Exercise instructions: Copy the data exactly, pictures aside.

Provided material:

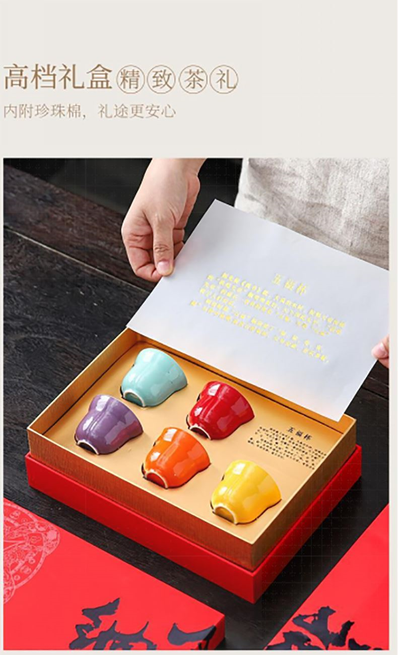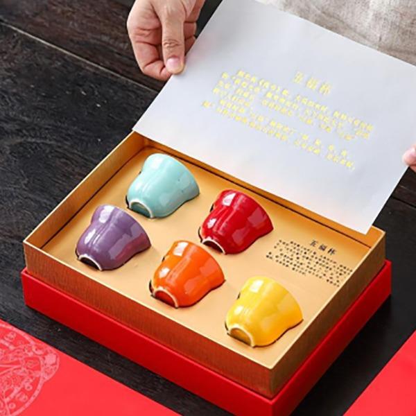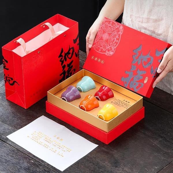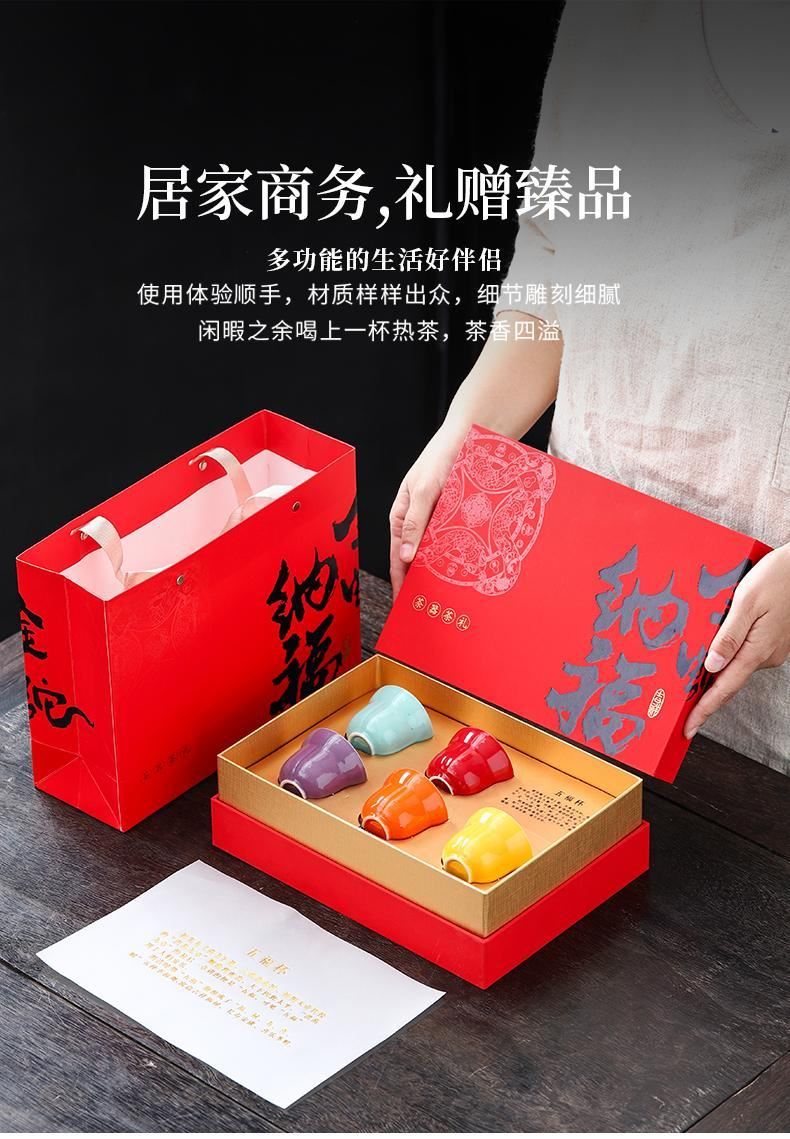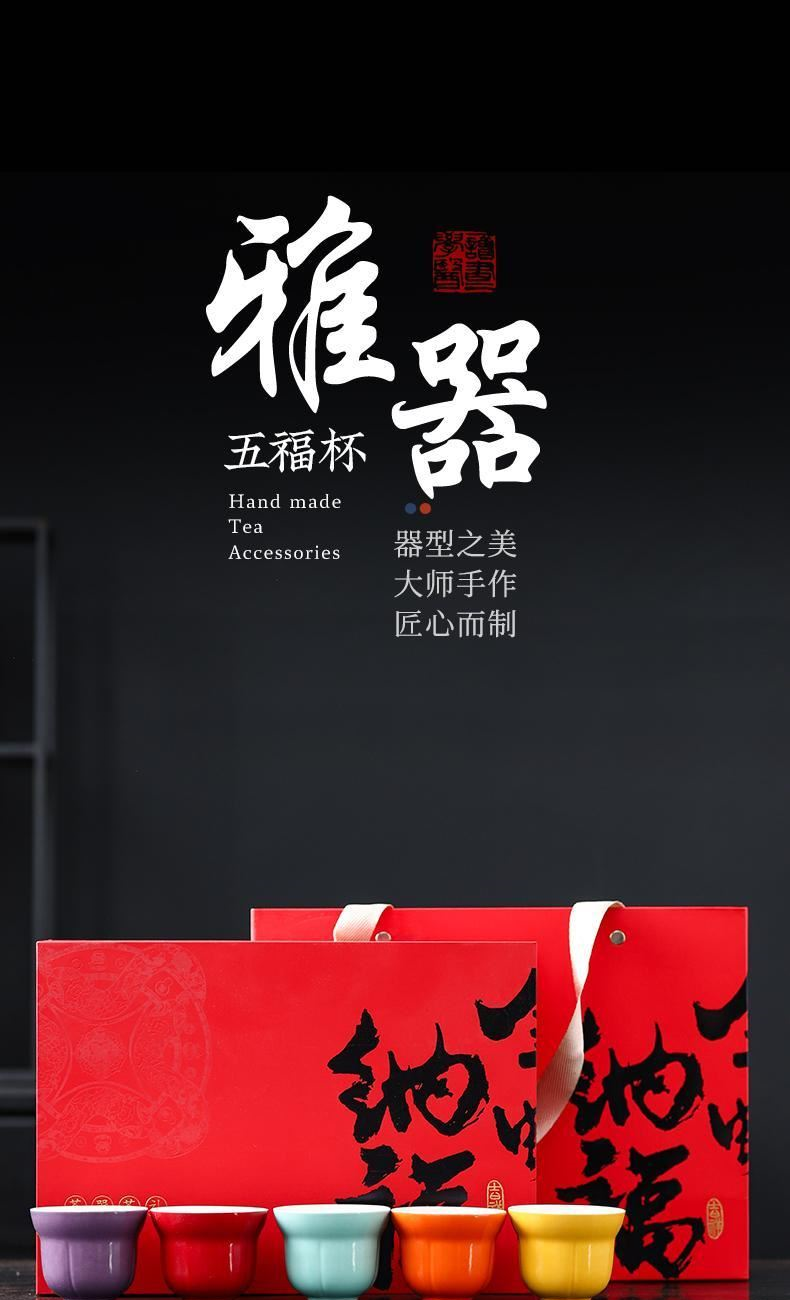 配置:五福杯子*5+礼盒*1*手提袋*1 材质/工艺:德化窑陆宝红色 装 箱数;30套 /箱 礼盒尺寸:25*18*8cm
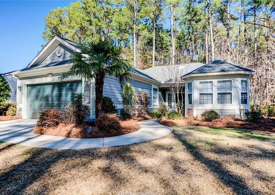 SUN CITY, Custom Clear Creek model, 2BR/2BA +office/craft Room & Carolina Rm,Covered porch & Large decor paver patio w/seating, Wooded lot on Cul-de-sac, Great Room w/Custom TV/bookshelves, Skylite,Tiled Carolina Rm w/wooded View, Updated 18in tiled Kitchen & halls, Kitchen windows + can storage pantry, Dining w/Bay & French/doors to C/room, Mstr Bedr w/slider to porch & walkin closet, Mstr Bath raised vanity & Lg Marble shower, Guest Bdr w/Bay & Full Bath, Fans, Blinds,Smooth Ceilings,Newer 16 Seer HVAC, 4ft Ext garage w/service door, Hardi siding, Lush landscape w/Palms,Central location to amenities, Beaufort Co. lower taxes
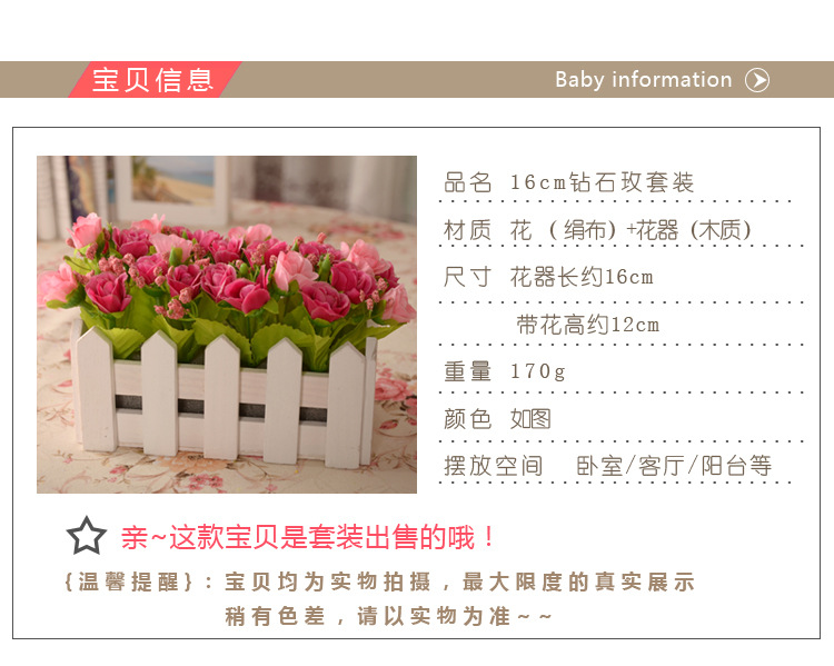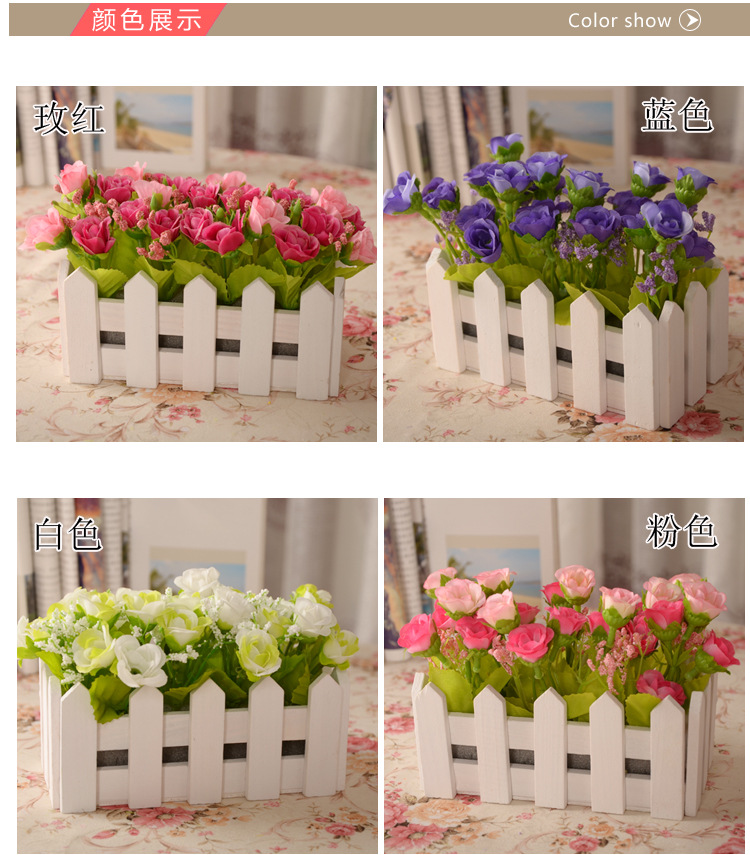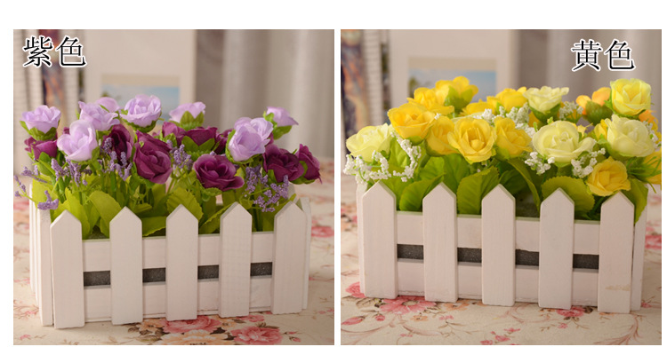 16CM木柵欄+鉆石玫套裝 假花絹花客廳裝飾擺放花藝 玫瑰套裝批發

Result of this exercise:
 配置:五福杯子*5+礼盒*1*手提袋*1 材质/工艺:德化窑陆宝红色 装 箱数;30套 /箱 礼盒尺寸:25*18*8cm
 SUN CITY, Custom Clear Creek model, 2BR/2BA +office/craft Room & Carolina Rm,Covered porch & Large decor paver patio w/seating, Wooded lot on Cul-de-sac, Great Room w/Custom TV/bookshelves, Skylite,Tiled Carolina Rm w/wooded View, Updated 18in tiled Kitchen & halls, Kitchen windows + can storage pantry, Dining w/Bay & French/doors to C/room, Mstr Bedr w/slider to porch & walkin closet, Mstr Bath raised vanity & Lg Marble shower, Guest Bdr w/Bay & Full Bath, Fans, Blinds,Smooth Ceilings,Newer 16 Seer HVAC, 4ft Ext garage w/service door, Hardi siding, Lush landscape w/Palms,Central location to amenities, Beaufort Co. lower taxes
 16CM木柵欄+鉆石玫套裝 假花絹花客廳裝飾擺放花藝 玫瑰套裝批發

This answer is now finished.